**** Exercise data

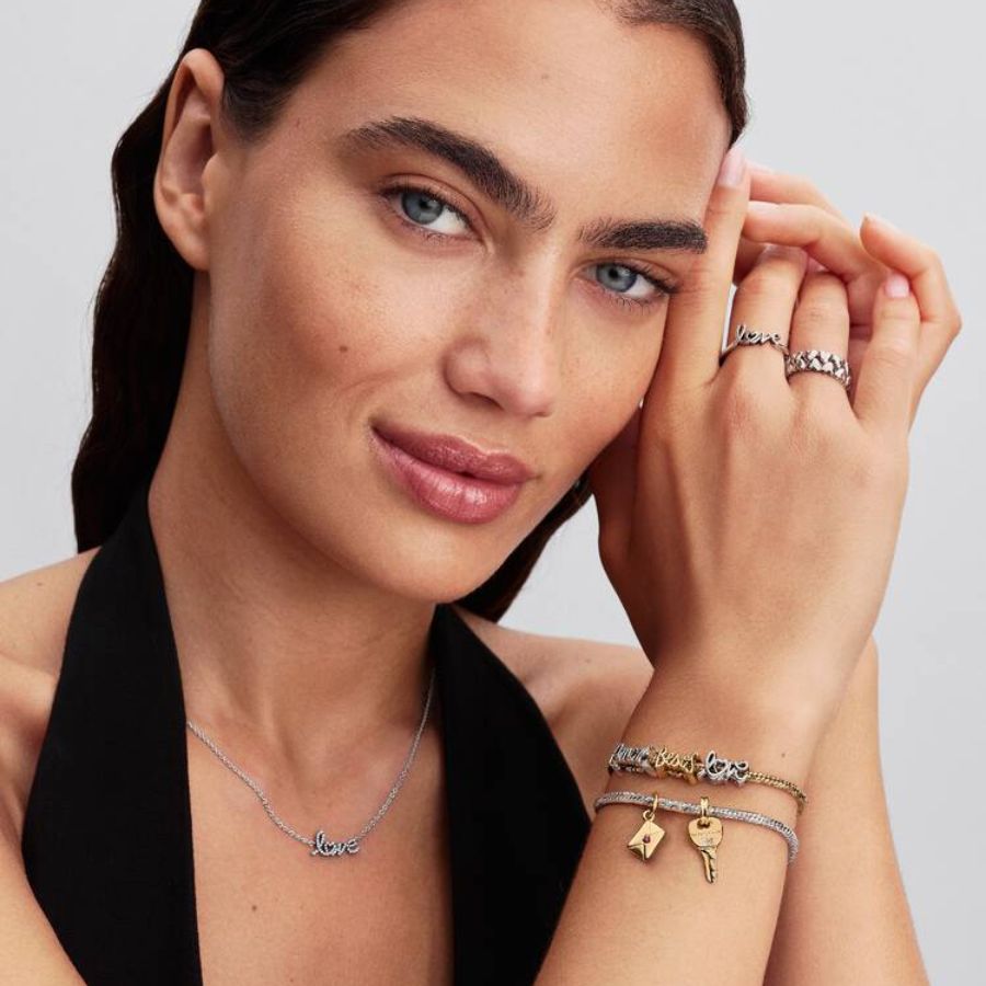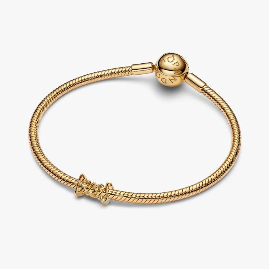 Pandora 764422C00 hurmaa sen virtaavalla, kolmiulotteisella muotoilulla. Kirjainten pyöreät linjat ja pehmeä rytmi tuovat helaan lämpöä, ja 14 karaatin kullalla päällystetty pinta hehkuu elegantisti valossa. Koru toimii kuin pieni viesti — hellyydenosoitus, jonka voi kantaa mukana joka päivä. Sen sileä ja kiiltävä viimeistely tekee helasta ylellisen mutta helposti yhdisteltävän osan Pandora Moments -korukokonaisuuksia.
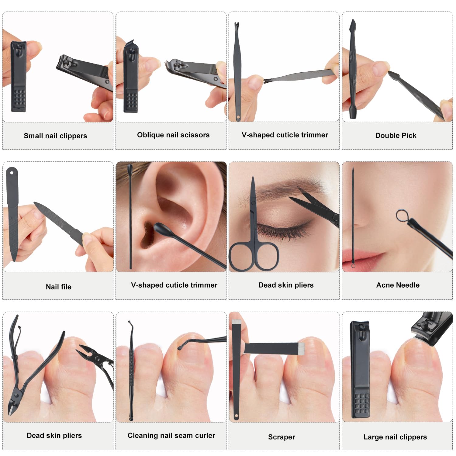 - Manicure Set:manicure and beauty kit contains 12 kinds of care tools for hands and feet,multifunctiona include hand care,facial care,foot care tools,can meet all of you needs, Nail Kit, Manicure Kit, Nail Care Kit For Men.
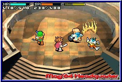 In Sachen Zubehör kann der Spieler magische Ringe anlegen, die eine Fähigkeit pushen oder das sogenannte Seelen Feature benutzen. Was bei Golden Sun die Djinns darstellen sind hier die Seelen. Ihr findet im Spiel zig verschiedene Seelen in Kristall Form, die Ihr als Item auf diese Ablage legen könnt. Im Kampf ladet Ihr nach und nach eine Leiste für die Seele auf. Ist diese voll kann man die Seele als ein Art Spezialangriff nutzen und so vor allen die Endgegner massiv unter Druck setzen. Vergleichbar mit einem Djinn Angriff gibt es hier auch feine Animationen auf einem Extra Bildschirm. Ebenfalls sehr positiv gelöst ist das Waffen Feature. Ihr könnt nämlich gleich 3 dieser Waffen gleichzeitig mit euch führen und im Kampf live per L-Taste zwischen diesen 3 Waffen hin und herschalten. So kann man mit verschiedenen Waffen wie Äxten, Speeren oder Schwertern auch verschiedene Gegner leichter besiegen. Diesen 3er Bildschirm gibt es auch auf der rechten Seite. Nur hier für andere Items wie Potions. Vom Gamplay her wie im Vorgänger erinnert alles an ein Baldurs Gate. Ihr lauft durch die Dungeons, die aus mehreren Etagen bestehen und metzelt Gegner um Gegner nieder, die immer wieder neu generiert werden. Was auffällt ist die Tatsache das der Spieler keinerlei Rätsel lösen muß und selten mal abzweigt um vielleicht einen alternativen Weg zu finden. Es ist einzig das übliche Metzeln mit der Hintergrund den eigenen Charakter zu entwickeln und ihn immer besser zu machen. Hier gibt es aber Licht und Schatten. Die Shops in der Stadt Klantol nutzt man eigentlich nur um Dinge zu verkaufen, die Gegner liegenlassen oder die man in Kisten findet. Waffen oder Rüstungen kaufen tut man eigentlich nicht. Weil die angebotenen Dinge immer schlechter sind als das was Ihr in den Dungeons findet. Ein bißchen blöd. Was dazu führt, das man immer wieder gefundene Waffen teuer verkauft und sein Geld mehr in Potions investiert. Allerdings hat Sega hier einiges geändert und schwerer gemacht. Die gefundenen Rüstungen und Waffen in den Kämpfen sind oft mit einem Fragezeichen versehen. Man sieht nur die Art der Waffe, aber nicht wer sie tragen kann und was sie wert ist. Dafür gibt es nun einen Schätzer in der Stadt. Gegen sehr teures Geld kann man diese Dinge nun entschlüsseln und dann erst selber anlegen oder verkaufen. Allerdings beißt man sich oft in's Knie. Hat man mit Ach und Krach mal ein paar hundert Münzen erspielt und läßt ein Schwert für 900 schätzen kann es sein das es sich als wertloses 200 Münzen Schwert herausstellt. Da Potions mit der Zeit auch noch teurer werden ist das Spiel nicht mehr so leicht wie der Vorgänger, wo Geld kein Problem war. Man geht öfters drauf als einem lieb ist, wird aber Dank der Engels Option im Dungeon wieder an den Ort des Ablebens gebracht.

********

Task statement:
Wherever an image sits in the data, omit it; everything else must be copied exactly.

Answer to the exercise:
 Pandora 764422C00 hurmaa sen virtaavalla, kolmiulotteisella muotoilulla. Kirjainten pyöreät linjat ja pehmeä rytmi tuovat helaan lämpöä, ja 14 karaatin kullalla päällystetty pinta hehkuu elegantisti valossa. Koru toimii kuin pieni viesti — hellyydenosoitus, jonka voi kantaa mukana joka päivä. Sen sileä ja kiiltävä viimeistely tekee helasta ylellisen mutta helposti yhdisteltävän osan Pandora Moments -korukokonaisuuksia.
 - Manicure Set:manicure and beauty kit contains 12 kinds of care tools for hands and feet,multifunctiona include hand care,facial care,foot care tools,can meet all of you needs, Nail Kit, Manicure Kit, Nail Care Kit For Men.
 In Sachen Zubehör kann der Spieler magische Ringe anlegen, die eine Fähigkeit pushen oder das sogenannte Seelen Feature benutzen. Was bei Golden Sun die Djinns darstellen sind hier die Seelen. Ihr findet im Spiel zig verschiedene Seelen in Kristall Form, die Ihr als Item auf diese Ablage legen könnt. Im Kampf ladet Ihr nach und nach eine Leiste für die Seele auf. Ist diese voll kann man die Seele als ein Art Spezialangriff nutzen und so vor allen die Endgegner massiv unter Druck setzen. Vergleichbar mit einem Djinn Angriff gibt es hier auch feine Animationen auf einem Extra Bildschirm. Ebenfalls sehr positiv gelöst ist das Waffen Feature. Ihr könnt nämlich gleich 3 dieser Waffen gleichzeitig mit euch führen und im Kampf live per L-Taste zwischen diesen 3 Waffen hin und herschalten. So kann man mit verschiedenen Waffen wie Äxten, Speeren oder Schwertern auch verschiedene Gegner leichter besiegen. Diesen 3er Bildschirm gibt es auch auf der rechten Seite. Nur hier für andere Items wie Potions. Vom Gamplay her wie im Vorgänger erinnert alles an ein Baldurs Gate. Ihr lauft durch die Dungeons, die aus mehreren Etagen bestehen und metzelt Gegner um Gegner nieder, die immer wieder neu generiert werden. Was auffällt ist die Tatsache das der Spieler keinerlei Rätsel lösen muß und selten mal abzweigt um vielleicht einen alternativen Weg zu finden. Es ist einzig das übliche Metzeln mit der Hintergrund den eigenen Charakter zu entwickeln und ihn immer besser zu machen. Hier gibt es aber Licht und Schatten. Die Shops in der Stadt Klantol nutzt man eigentlich nur um Dinge zu verkaufen, die Gegner liegenlassen oder die man in Kisten findet. Waffen oder Rüstungen kaufen tut man eigentlich nicht. Weil die angebotenen Dinge immer schlechter sind als das was Ihr in den Dungeons findet. Ein bißchen blöd. Was dazu führt, das man immer wieder gefundene Waffen teuer verkauft und sein Geld mehr in Potions investiert. Allerdings hat Sega hier einiges geändert und schwerer gemacht. Die gefundenen Rüstungen und Waffen in den Kämpfen sind oft mit einem Fragezeichen versehen. Man sieht nur die Art der Waffe, aber nicht wer sie tragen kann und was sie wert ist. Dafür gibt es nun einen Schätzer in der Stadt. Gegen sehr teures Geld kann man diese Dinge nun entschlüsseln und dann erst selber anlegen oder verkaufen. Allerdings beißt man sich oft in's Knie. Hat man mit Ach und Krach mal ein paar hundert Münzen erspielt und läßt ein Schwert für 900 schätzen kann es sein das es sich als wertloses 200 Münzen Schwert herausstellt. Da Potions mit der Zeit auch noch teurer werden ist das Spiel nicht mehr so leicht wie der Vorgänger, wo Geld kein Problem war. Man geht öfters drauf als einem lieb ist, wird aber Dank der Engels Option im Dungeon wieder an den Ort des Ablebens gebracht.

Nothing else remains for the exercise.